Trump’s spending bill allocates nearly $170 billion to immigration enforcement, including tripling ICE’s annual budget with a $75 billion spending increase. In September, the CBO predicted an immigration boom resulted in 290,000 immigrants being removed from the country between 2026 and 2029, and said the crackdown would reduce the US labor force. Economists note that negative net migration, which Trump advocates, is possible reduce US GDP growth at 0.4%.

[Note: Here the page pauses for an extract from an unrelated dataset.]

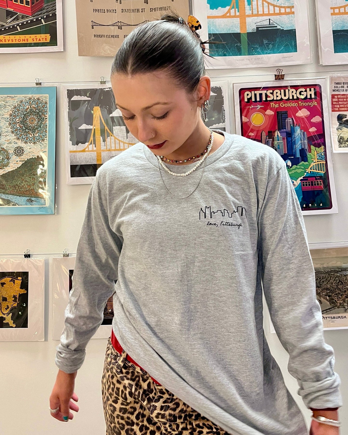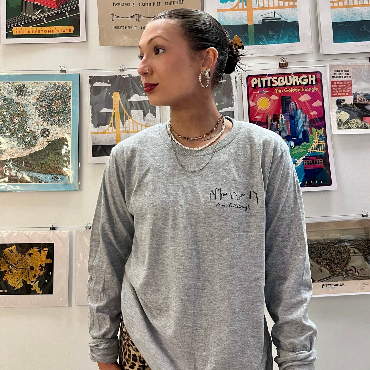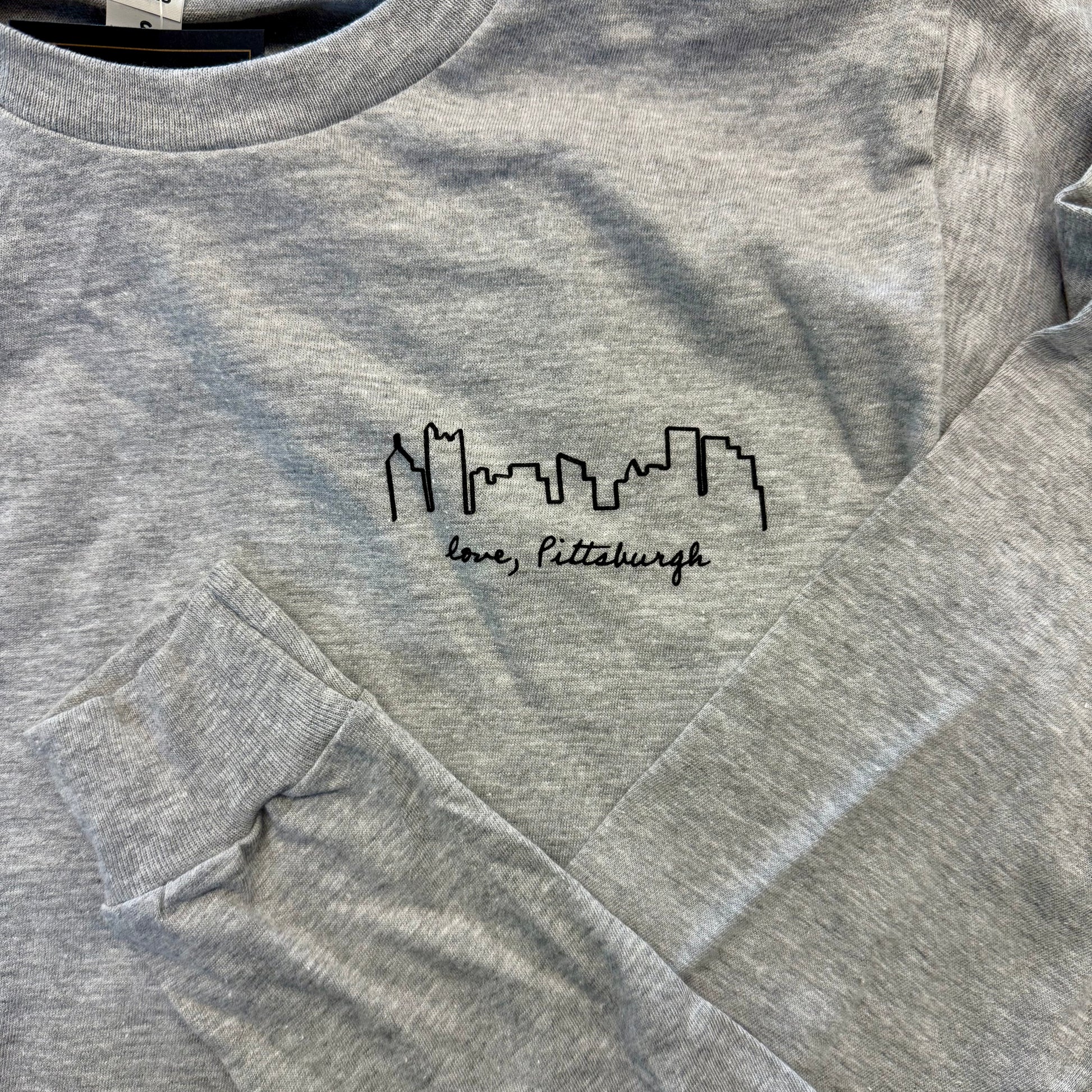 Get ready to conquer the city in style with our Skyline LS Tee in Heather Grey! This long-sleeved tee features a unique left chest print of the iconic Pittsburgh skyline with love, Pittsburgh written in cursive underneath in black ink. Made with a soft heather grey fabric, you'll be comfortable and cool as you take on the day. Don't blend in, stand out!

Some immigration experts argue the opposite. In a 2024 tESTIMONY to the Immigration Integrity, Security, and Enforcement Subcommittee of the House Judiciary Committee, Steven Camarota, director of research for the Center for Immigration Studies, said that undocumented immigrants have a “net fiscal drain.”

“The fundamental reason that illegal immigrants are a net drain is that they have a lower average level of education, which results in lower average incomes and tax payments,” Camarota wrote. “It also means that a large portion are eligible for welfare programs, often receiving benefits for their US-born children.”

But even in cases where immigrants use social services, the individuals tend to be working, paying taxes, and spending money, Bier said. This shows that the US has a better chance of paying off its debt with immigrants in the country than without them.

“Immigrants, just by showing up, they reduce the debt-to-GDP (ratio), and that’s a good thing for the country,” he said.